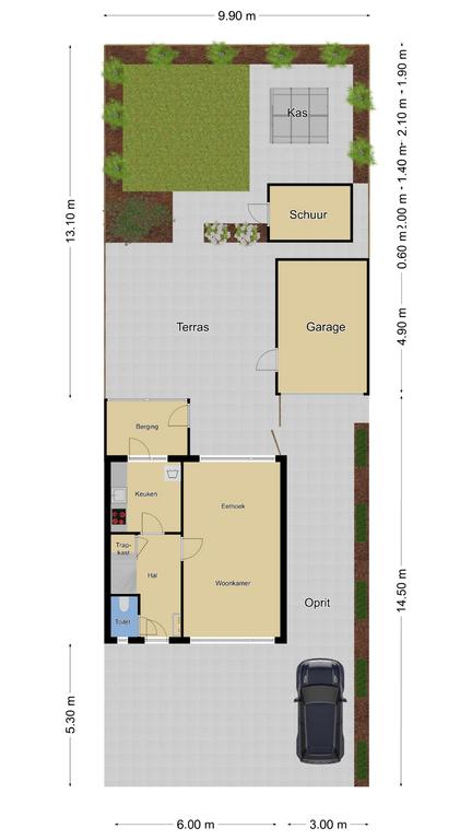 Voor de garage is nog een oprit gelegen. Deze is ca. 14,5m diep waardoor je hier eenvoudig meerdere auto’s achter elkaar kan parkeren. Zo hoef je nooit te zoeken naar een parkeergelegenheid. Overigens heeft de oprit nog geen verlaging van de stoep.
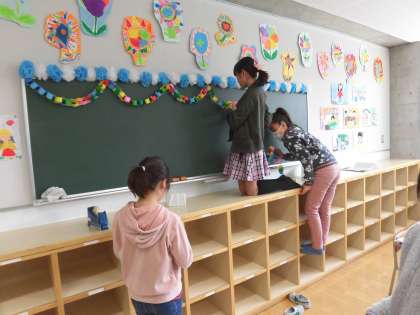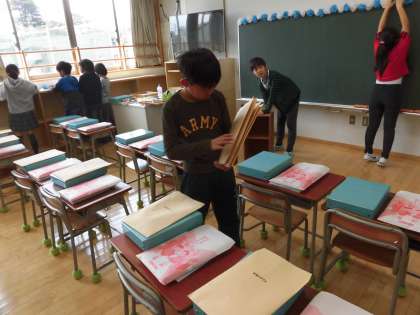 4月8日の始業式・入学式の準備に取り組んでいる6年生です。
---
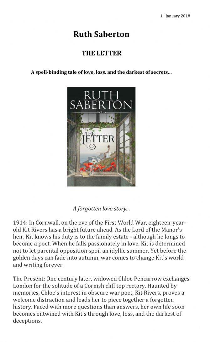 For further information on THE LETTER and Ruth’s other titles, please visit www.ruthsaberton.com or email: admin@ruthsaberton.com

> _To do_: Look above for the line with "Voor de garage" and the line with "4月8日の始業式・入学式の準備に取り組んでいる6年生です。", then copy them and all lines in between exactly as written, and only those, without any pictures.

> _Written solution_:
 Voor de garage is nog een oprit gelegen. Deze is ca. 14,5m diep waardoor je hier eenvoudig meerdere auto’s achter elkaar kan parkeren. Zo hoef je nooit te zoeken naar een parkeergelegenheid. Overigens heeft de oprit nog geen verlaging van de stoep.
 4月8日の始業式・入学式の準備に取り組んでいる6年生です。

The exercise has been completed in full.